Daesh moderniza a propaganda do terror: é a Jihad 2.0
Divulgam vídeos de qualidade cinematográfica, promovem-se nas redes sociais na internet, lançam publicações digitais e até têm uma "agência de notícias" para publicitar as atividades sangrentas do grupo: o Daesh, autoproclamado Estado Islâmico, modernizou a propaganda do terror. Das imagens tremidas de Osama Bin Laden (e seus seguidores da Al Qaeda) algures nas montanhas do Afeganistão, passou-se para uma espécie de Jihad 2.0.
"O Daesh revolucionou a narrativa jihadista, menosprezando a segurança operacional em prol do dinamismo, de forma a produzir uma propaganda que conta uma história, excitante ou chocante, dependendo de quem é o seu público-alvo", descreve Charles Winter, investigador da Georgia State University, de Atlanta (EUA), e membro da Quilliam Foundation (um think tank de contraterrorismo, sedeado no Reino Unido). Para a maioria dos europeus, essa mudança tornou-se mais visível do que nunca nos últimos meses.
A organização terrorista reivindicou a autoria dos atentados de terça-feira, em Bruxelas, através da agência Amaq. Esse veículo - de que já se servira para confirmar a ligação a outras carnificinas - é o último exemplo da sofisticação do Daesh na tentativa de espalhar a sua propaganda: a criação de uma agência noticiosa, similar às normais, capaz de emitir textos "jornalísticos" em várias línguas, para publicitar as atividades. Esta é uma tentativa de "tomar o domínio da informação" sobre os inimigos, explicou Charles Winter, à agência Bloomberg, lembrando que "o grupo está interessado em passar uma mensagem muito centralizada".

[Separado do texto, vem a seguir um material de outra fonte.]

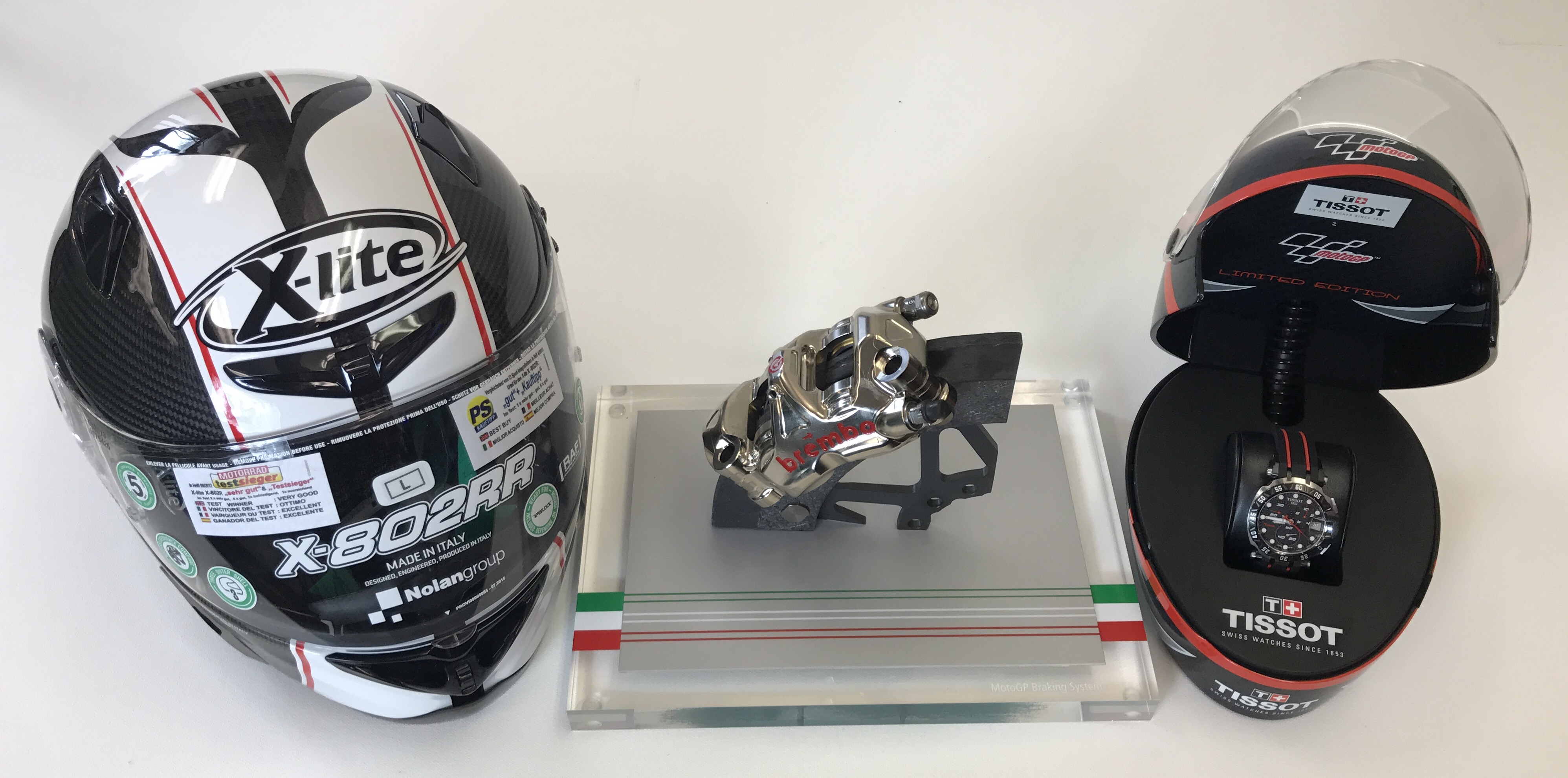 The three top placed Fans will each receive a magnificent Brembo Fan World Championship trophy, manufactured from an authentic MotoGP carbon fiber brake disc and MotoGP spec caliper. Each contestant will also receive a limited edition X-Lite helmet and collectible MotoGP series watch from Tissot. Other prizes include paddock passes to a race of their choice and a travel credit to assist with getting to the races.

Na verdade, a Amaq - batizada com o nome de uma cidade síria mencionada numa antiga profecia como palco de uma vitória apocalíptica sobre os não-crentes - "faz parte de uma estratégia de propaganda mais ampla", como refere Winter. À agência, que divulga as notícias do Daesh através da plataforma WordPress ou da Telegram (aplicação de envio de mensagens encriptadas, muito utilizada pelos jihadistas), juntam-se outras ferramentas de comunicação, disseminadas a partir do al-Hayat Media Center (o centro de operações mediáticas do autoproclamado Estado Islâmico).
Há de tudo um pouco na propaganda do Daesh: fotos, vídeos, depoimentos em áudio, programas de rádio, textos e revistas online, posters, panfletos e documentos teológicos, divulgados não só em árabe, mas sim em seis idiomas diferentes - também numa operação de charme para recrutar cidadãos estrangeiros. Charles Winter fez a análise dos 1146 conteúdos diferentes divulgadas entre meados de julho e agosto de 2015 (durante o Shawwall, mês islâmico que se segue ao Ramadão). E - citado pela BBC - concluiu que a maioria se reportava a pormenores da "vida civil", numa tentativa de mostrar que existe uma "normalidade" quotidiana nos territórios controlados pelo Daesh. "Esta operação de propaganda é incomparável", diz Haras Rafiq, diretor da Quilliam.
Um exército privilegiado
No entanto, a autopromoção da organização terrorista vai muito para além disso - distingue-se pela edição da Dabiq (uma revista mensal, escrita em inglês e disponibilizada online) e pela divulgação dos bárbaros vídeos da execução de reféns e de operações militares. Estas gravações parecem inspiradas em fitas de cinema e em videojogos - com cuidado cénico no posicionamento de vítimas e algozes e até na exposição perante a luz solar.
Esta sofisticação deve-se também ao facto de a propaganda do Daesh contar com cidadãos ocidentais com experiência no ramo audiovisual. "Existe um verdadeiro exército de trabalhadores no departamento de media, que é mais importante que os soldados. Têm um salário maior e melhores carros. Podem encorajar os que estão em combate e trazer mais recrutas para o Estado Islâmico", descreveu ao Washington Post, Abu Abdullah al Maghribi, ex-membro do Daesh.
O resto da propaganda passa pelo uso das redes sociais da internet, das famosas às mais obscuras. "O Estado Islâmico tem utilizado as redes sociais melhor do que qualquer outro grupo terrorista no passado ou na atualidade. Dominam o seu uso como instrumento de propaganda, recrutamento e orientação [dos seus operacionais]", enumera Michael Steinbach, dirigente da divisão de contraterrorismo do FBI, em declarações ao Yahoo. É o terrorismo numa versão 2.0, inimaginável há 15 anos, quando Bin Laden gravava vídeos a partir de um recanto escondido nas montanhas do Afeganistão ou Paquistão.